No caso da Região Metropolitana do Recife, nos últimos cinco anos, apenas três editais foram publicados para exercer a função de professor das séries iniciais: o primeiro, publicado pela Prefeitura do Recife, em 2012; o segundo, pela Prefeitura de Jaboatão dos

Guararapes, em 2015; e último, pela Prefeitura de Paulista, em 2016. Soma-se a isso o fato de que a inserção em instituições privadas no mercado escolar está fortemente condicionada ao volume de capital social que cada egresso constituiu ao longo de sua trajetória universitária, durante a realização dos estágios extracurriculares. Do contrário, o acesso à sala de aula vai depender, praticamente, dos investimentos públicos na área de educação.

O relato de Carla, assim como o de Márcia, é revelador dessa situação. Apesar de ser responsável pelo treinamento do pessoal de uma empresa de Call Center, situação que permite à ex-aluna “ensinar”, a egressa relata os percalços enfrentados para obter tal emprego, ao mesmo tempo em que é enfática ao afirmar que preferiria estar ensinando em uma escola:

“Eu gostaria que fosse diferente! Eu gostaria de estar mesmo na escola, que acho que foi para isso que estudei tanto tempo, para estar dentro da escola, focada ali. Independentemente de ser professora dos anos iniciais, que eu sei que é trabalhoso, dos anos finais lá do ensino fundamental I, se fosse para estar na secretaria, numa coordenação, numa gestão, eu queria estar dentro da escola! Claro que, atualmente, no panorama que a gente está, a gente não tem muita opção para escolher, porque a maioria das escolas de grande porte é por indicação. Concurso público não está com tanta intensidade o quanto tinha na outra gestão. [...] Então, eu fico um pouco satisfeita porque eu sei que eu tô ensinando, mas não plenamente[...]. Eu queria estar dentro da escola!”. (Entrevista realizada com Carla em março de 2017, conforme pesquisa de campo).

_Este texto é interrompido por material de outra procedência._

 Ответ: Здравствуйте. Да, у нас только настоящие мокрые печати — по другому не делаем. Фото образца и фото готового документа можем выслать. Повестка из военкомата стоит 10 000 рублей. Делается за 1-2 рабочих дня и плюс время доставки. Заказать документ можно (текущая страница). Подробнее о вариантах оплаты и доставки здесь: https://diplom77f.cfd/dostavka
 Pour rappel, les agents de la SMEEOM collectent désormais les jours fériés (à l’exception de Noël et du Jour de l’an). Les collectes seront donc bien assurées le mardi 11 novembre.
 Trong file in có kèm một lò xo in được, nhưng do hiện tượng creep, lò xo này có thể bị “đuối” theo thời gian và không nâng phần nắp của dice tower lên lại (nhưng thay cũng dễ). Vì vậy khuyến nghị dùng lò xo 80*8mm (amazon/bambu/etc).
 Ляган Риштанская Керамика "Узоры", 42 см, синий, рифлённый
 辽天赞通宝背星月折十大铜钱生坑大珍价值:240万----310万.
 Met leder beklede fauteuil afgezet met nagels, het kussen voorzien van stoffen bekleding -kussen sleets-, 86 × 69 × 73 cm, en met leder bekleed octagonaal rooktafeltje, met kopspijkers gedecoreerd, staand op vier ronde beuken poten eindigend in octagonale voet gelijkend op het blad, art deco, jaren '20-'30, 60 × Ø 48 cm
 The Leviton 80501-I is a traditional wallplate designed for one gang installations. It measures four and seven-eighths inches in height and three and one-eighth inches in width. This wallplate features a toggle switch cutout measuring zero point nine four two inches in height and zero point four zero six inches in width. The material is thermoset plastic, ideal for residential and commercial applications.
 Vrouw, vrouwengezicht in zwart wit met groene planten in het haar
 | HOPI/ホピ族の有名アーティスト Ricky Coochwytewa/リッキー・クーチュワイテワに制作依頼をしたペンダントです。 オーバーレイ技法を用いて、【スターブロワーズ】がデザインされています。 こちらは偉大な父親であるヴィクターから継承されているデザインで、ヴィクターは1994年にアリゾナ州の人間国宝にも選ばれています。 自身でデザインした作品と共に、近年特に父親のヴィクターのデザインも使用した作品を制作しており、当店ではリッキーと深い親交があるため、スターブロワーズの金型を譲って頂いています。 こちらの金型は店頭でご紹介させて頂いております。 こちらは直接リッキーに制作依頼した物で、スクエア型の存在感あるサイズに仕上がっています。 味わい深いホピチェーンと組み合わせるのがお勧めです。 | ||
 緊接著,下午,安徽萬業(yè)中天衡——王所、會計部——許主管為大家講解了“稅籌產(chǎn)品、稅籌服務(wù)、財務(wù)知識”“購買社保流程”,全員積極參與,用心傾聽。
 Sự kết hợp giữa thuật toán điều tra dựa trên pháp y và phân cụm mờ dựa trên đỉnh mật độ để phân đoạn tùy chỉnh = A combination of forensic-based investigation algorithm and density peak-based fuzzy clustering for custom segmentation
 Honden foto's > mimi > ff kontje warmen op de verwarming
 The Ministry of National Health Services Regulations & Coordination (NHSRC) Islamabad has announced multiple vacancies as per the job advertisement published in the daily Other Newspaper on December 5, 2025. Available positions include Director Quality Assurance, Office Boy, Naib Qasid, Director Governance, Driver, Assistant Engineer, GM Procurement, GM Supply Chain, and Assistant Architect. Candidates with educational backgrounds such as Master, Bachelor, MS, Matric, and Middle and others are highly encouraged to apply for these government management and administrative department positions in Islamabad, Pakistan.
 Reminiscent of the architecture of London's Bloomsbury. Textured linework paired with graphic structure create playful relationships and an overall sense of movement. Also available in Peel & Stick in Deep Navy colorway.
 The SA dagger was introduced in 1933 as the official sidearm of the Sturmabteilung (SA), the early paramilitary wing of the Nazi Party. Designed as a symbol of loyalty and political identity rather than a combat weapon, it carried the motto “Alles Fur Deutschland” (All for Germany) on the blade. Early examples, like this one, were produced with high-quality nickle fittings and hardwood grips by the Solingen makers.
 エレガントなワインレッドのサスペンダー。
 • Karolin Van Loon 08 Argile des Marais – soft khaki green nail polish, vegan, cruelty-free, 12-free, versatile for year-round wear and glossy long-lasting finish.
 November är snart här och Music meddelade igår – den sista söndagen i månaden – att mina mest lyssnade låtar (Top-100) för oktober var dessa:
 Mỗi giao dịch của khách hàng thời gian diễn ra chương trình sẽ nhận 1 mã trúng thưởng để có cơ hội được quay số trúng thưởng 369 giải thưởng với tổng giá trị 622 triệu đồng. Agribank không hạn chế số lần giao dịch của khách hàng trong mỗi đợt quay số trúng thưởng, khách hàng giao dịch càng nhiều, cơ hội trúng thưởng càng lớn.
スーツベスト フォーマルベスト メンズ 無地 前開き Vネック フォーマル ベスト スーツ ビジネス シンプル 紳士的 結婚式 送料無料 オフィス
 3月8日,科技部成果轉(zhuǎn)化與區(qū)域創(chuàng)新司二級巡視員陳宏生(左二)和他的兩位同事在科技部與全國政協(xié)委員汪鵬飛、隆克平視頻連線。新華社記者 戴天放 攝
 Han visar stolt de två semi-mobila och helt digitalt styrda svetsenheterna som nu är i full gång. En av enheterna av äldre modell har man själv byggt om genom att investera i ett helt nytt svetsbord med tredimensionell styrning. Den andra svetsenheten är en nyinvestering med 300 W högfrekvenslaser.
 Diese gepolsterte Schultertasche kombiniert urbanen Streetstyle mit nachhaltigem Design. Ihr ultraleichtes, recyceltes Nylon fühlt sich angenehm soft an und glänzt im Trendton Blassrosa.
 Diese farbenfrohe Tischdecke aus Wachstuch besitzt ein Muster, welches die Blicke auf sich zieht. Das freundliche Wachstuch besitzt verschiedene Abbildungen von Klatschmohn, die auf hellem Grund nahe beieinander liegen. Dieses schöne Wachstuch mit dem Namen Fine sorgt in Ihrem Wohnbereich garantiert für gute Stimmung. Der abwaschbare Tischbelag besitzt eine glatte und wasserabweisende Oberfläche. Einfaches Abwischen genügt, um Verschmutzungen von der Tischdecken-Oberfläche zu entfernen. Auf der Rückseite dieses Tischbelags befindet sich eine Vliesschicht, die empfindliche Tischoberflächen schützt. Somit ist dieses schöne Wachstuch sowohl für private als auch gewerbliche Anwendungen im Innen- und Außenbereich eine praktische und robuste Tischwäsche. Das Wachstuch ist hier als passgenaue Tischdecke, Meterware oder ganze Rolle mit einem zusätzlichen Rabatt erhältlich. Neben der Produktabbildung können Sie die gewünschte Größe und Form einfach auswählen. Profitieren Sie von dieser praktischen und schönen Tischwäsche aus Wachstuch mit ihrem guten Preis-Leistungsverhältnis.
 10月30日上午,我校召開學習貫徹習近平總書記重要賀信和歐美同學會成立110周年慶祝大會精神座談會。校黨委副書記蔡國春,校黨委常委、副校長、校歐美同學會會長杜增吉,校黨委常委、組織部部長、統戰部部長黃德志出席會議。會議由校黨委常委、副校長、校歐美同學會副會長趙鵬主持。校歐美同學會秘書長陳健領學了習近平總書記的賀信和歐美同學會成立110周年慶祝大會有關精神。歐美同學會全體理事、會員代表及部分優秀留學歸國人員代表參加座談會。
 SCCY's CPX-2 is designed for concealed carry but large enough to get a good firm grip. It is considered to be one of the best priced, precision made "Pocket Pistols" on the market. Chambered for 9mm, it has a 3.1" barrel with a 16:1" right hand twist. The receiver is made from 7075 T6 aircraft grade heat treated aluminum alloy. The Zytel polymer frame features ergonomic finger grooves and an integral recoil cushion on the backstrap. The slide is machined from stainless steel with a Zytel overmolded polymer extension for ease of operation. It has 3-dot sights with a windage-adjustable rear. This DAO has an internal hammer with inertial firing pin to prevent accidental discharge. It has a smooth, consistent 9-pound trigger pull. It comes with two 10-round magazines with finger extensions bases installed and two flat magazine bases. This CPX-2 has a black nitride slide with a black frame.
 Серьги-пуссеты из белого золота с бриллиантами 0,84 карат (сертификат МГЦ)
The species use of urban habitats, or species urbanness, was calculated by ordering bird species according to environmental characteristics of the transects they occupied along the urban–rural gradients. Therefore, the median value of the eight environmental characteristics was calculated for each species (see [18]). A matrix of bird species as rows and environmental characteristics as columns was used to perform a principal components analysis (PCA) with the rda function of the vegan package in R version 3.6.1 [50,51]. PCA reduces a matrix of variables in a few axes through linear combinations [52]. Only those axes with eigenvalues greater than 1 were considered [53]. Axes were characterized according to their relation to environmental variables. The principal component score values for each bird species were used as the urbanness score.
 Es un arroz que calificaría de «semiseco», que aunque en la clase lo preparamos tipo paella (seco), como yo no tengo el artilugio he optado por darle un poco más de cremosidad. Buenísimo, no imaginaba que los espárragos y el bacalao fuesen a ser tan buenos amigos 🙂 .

Kátia, por sua vez, relata os sentimentos de choque, inadequação e solidão que vivenciou durante sua atuação num projeto social na ONG em que trabalhou durante quatro anos. As distâncias entre a realidade social, proporcionada pelo campo de atuação, e aquela durante os anos de graduação, levaram a egressa a abandonar por completo seu trabalho. Atualmente desempregada, a ex-aluna relata as dificuldades associadas às suas práticas profissionais, sua intenção de trabalhar com educação formal, na área administrativa:

“O trabalho que eu exerci após a formatura, eu acredito que estava dentro do esperado, mas eu acho que eu não tive um bom resultado, né? [...] Os projetos sociais sempre me chamaram a atenção, porque eu acho que a gente tem uma liberdade maior de trabalhar no desenvolvimento da criança, sem as burocracias do sistema, sem aquilo de 'preenche aqui, faz plano de aula, relatório.[...]'. Mas as experiências trazem algumas consequências para a vida da gente, algumas marcas, como esse trabalho que eu desenvolvi lá no sertão. Eu vi uma realidade bem difícil. O trabalho em si era difícil. Então, eu me via meio sufocada com tudo, com a própria realidade de lá. Com o

cuidado com a criança, com a educação, né? Eu acho que eu fiquei meio em choque. Porque você termina contribuindo individualmente, mas não com o todo, com o sistema, com a maneira como as coisas acontecem. [...] Algumas crianças de maneira particular, eu podia ajudar, eu podia influenciar, mas quando eu pensava no todo, no trabalho de turmas, as coisas do projeto, de uma forma geral, não. [...] Eu terminei esse trabalho em dezembro de 2016. Então, agora eu voltei e estou tentando de novo me inserir dentro da área. Eu gostaria de estar mais na parte de administração, na parte mais pedagógica, porque eu não gostaria de trabalhar com fundamental I.”. (Entrevista realizada com Kátia em março de 2017, conforme pesquisa de campo.)

Assim, conforme podemos perceber pelo relato acima, além dos enfrentamentos em função das dificuldades de obter vagas e cargos relacionados à área de formação, o deslocamento provocado pela mudança dos espaços sociais também se constitui em elementos decisivos para os sentidos que os egressos atribuem às suas ocupações.